En trois semaines, des sources proches de l’état-major citées par La Tribune et Le Mamouth évaluent à 100 millions d’euros les missiles MICA consommés, soit le prix d’un Rafale neuf. Les stocks ont « très rapidement fondu », selon l’expression utilisée en interne, mettant au jour une « fenêtre de vulnérabilité maximale » : les anciens stocks s’épuisent, et les 567 unités de MICA nouvelle génération commandées pour 1,8 milliard d’euros ne seront livrées qu’entre 2026 et 2031.
135 millions par mois, hors munitions
Le coût direct de l’engagement français se décompose ainsi. Environ 5 000 militaires sont déployés, rémunérés entre 1 500 et 3 000 euros par mois, soit 11 millions d’euros de masse salariale mensuelle. Les frégates engagées représentent 22 millions d’euros par mois. Six Rafales volant trois heures coûtent 30 millions d’euros, sur la base des 20 000 euros par heure de vol déclarés par le chef d’état-major de l’armée de l’Air devant le Sénat en novembre 2023, hors munitions. Au total, une simulation fondée sur les données du Sénat et de la Cour des comptes aboutit à 135 millions d’euros mensuels, soit 11 % de l’enveloppe annuelle OPEX renforcée pour 2026.

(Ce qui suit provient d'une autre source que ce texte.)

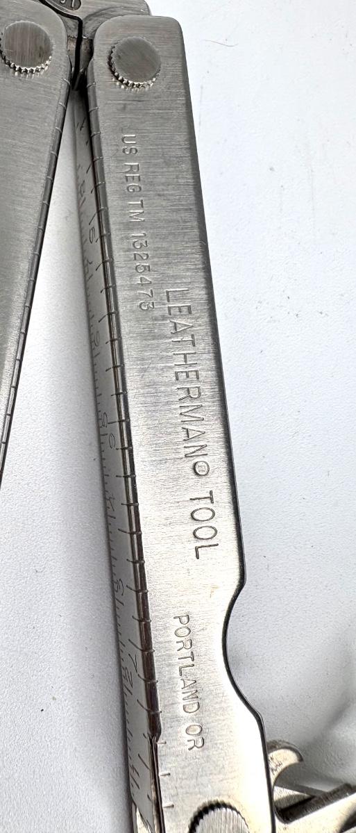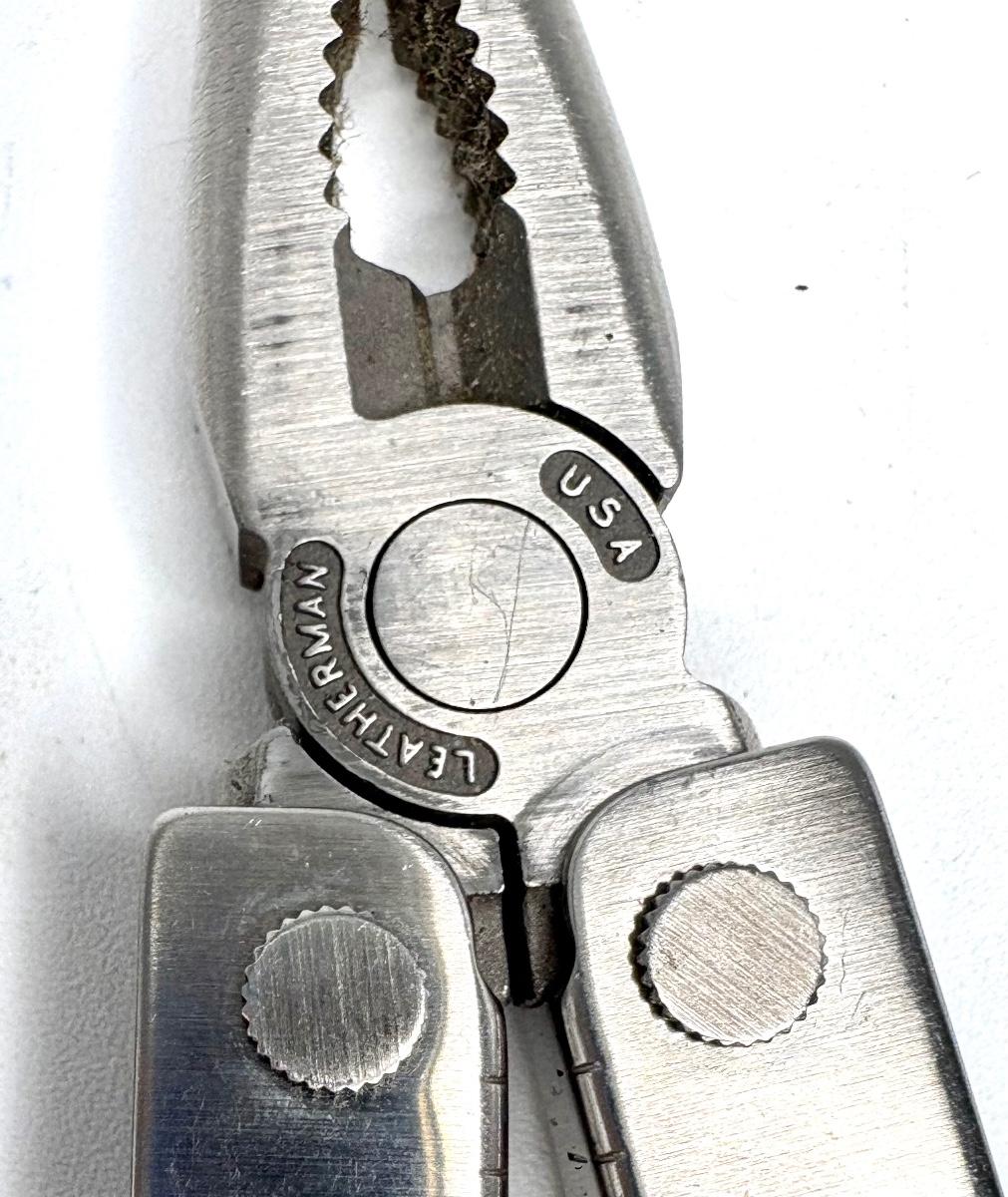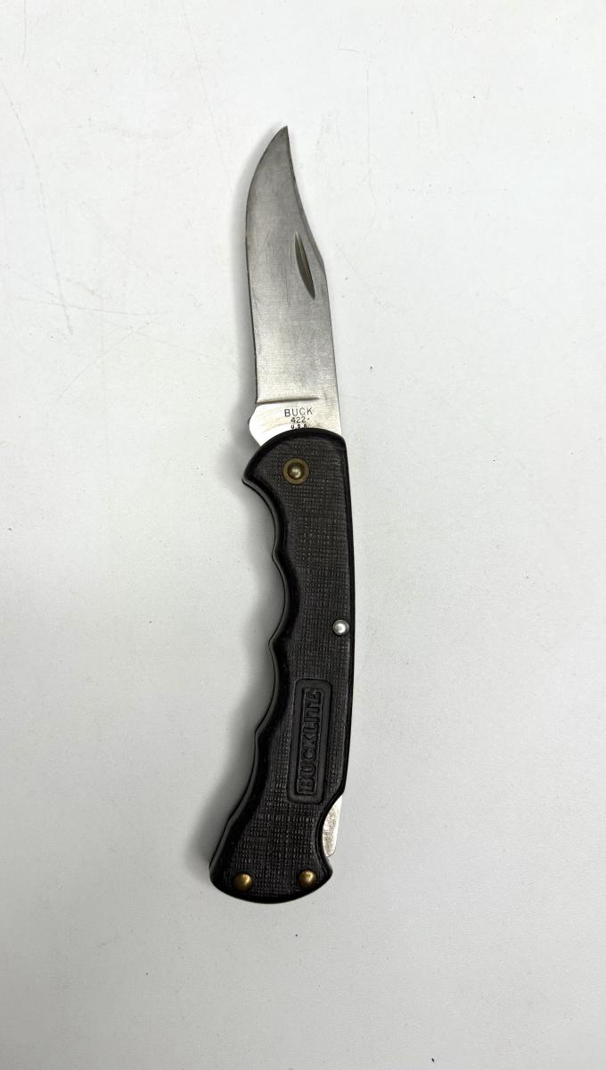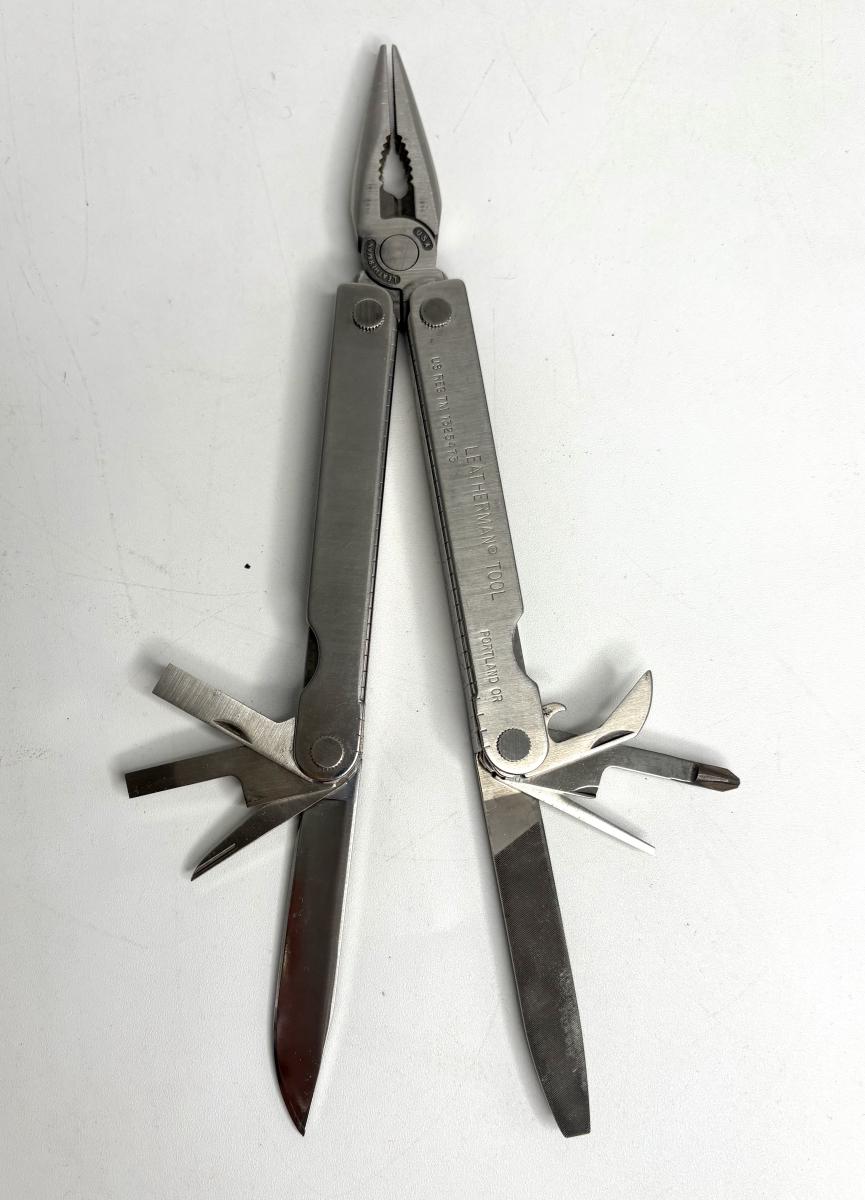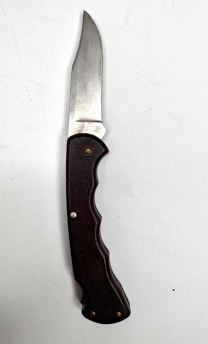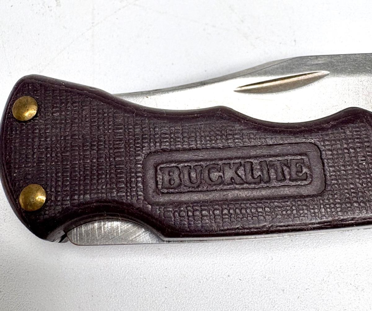 Buck knife is 4-1/4” long; Leatherman is 4” long; truck pocket knife is 3-1/3” long; cream colored knife is 3-1/4” long; red knife is 3” long; silver and brown knife is 2-1/2” long; steel knife is 2-1/2” long; sharpener is 3”.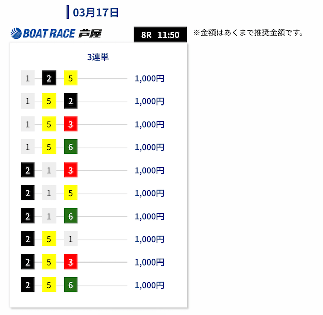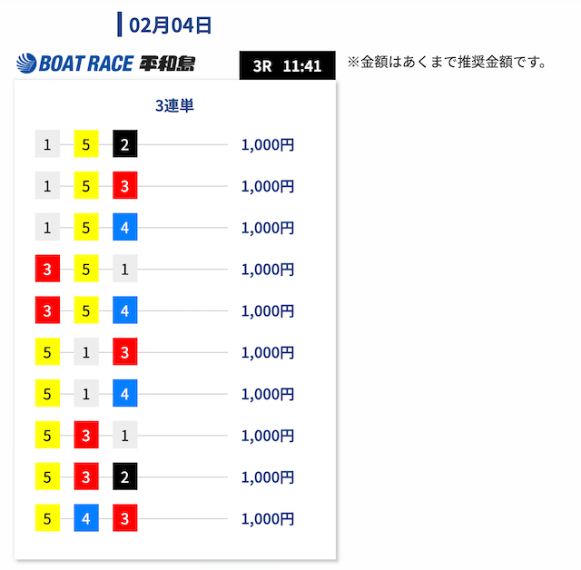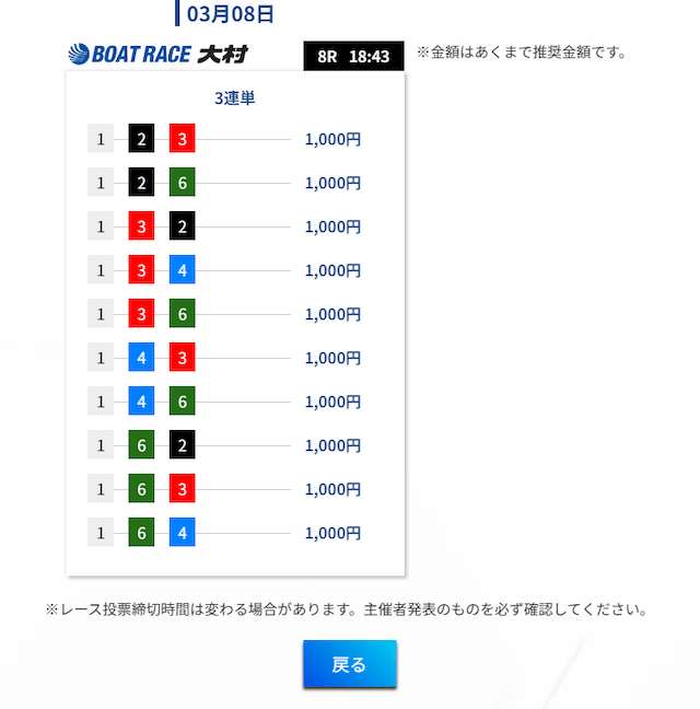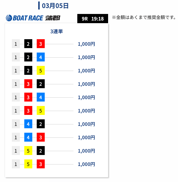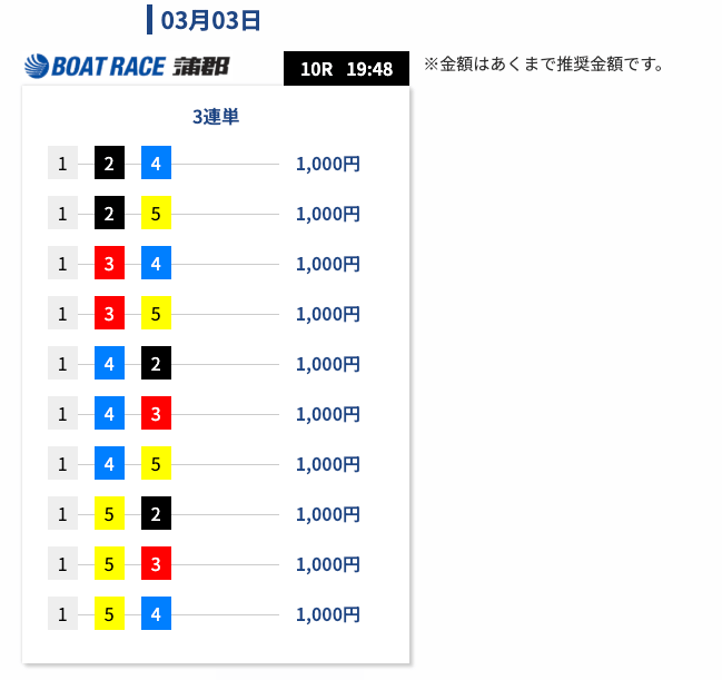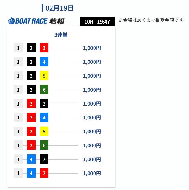 - 舟券代:10,000円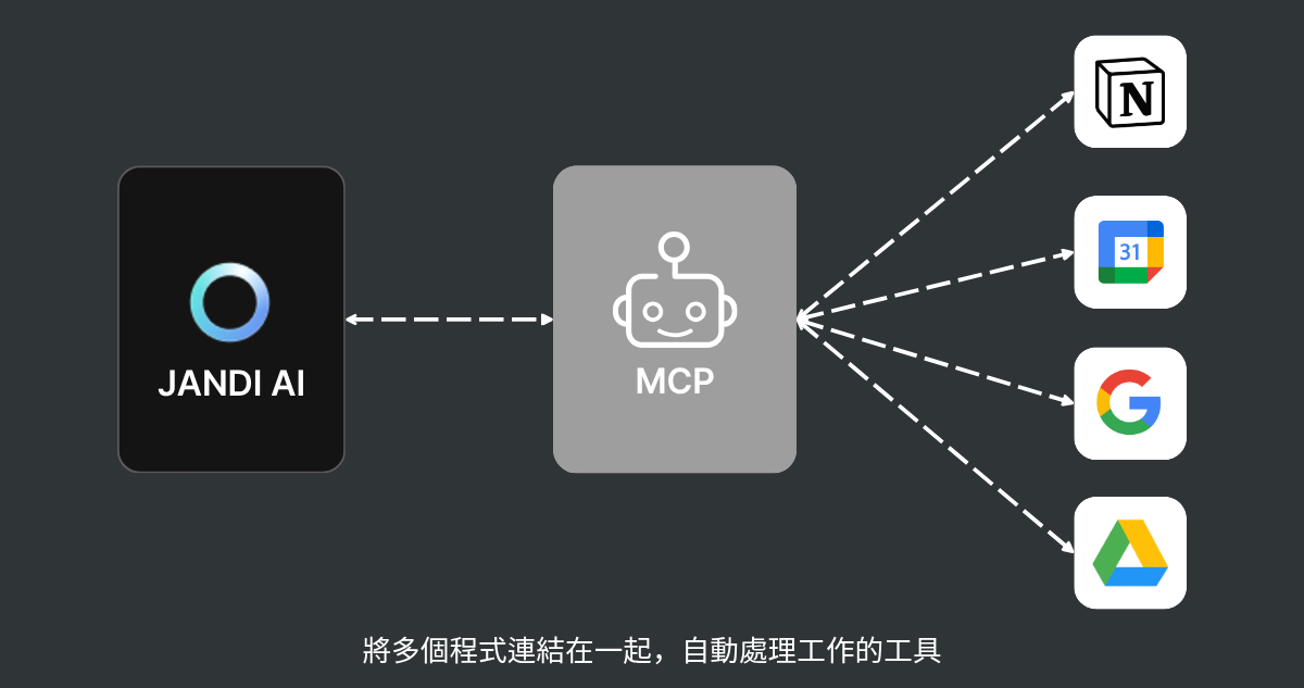簡單來說,MCP 就像一個「通道」,讓 AI 能夠收集最新資訊、連結外部系統以取得資料,並透過外部系統實際執行任務,使 AI 不僅依靠已訓練的資料回答,還能直接應用於工作,例如透過一次提問取得 CX 團隊頁面的主要行程,或者自動在Google日曆中建立行程。

Fin 2025, le taux de l’OAT à 10 ans s’établissait à 3,6 %. Le 23 mars 2026, il atteignait 3,81 %, son niveau le plus élevé depuis juillet 2009, selon Le Figaro, Boursorama et Capital.fr. Selon des estimations de l’institut Rexecode, le surcoût pour les finances publiques françaises atteindrait 1,5 milliard d’euros dès 2026, puis 4 milliards supplémentaires en 2027. Ce seul surcoût dépasse de dix fois la dépense militaire directe mensuelle. Dans ce scénario, la charge de la dette deviendrait le premier poste budgétaire de l’État, devant l’Éducation nationale et la Défense elle-même.
Le détroit d’Ormuz n’est toujours pas rouvert et ne fonctionnera pas normalement avant plusieurs semaines. Or, environ 20 % du pétrole mondial et du gaz naturel liquéfié transitent par ce passage. Le Brent, qui se négociait autour de 65 dollars avant le conflit, a explosé au gré des décisions et des messages souvent contradictoires de Donald Trump.
Le choc s’est transmis aux prix du gaz, exposant les ménages aux contrats indexés à des hausses immédiates. BNP Paribas Economic Research a mesuré une accélération de l’inflation de 1,1 % en février à environ 1,7 % en mars, une tendance que l’INSEE a confirmée.
L’agriculture absorbe un second choc. Le prix de l’urée, engrais azoté dont une fraction significative du commerce mondial transite par Ormuz, est passé de 300 à 750 dollars la tonne fin mars selon les chambres d’agriculture françaises, fragilisant les exploitants à l’approche de la campagne 2027. Les exportateurs français vers la région — cosmétiques, luxe, pharmaceutiques, céréales — subissent des retards et une hausse de leurs coûts logistiques. L’indice PMI manufacturier français est tombé à 50,0 en mars, au seuil de la stagnation.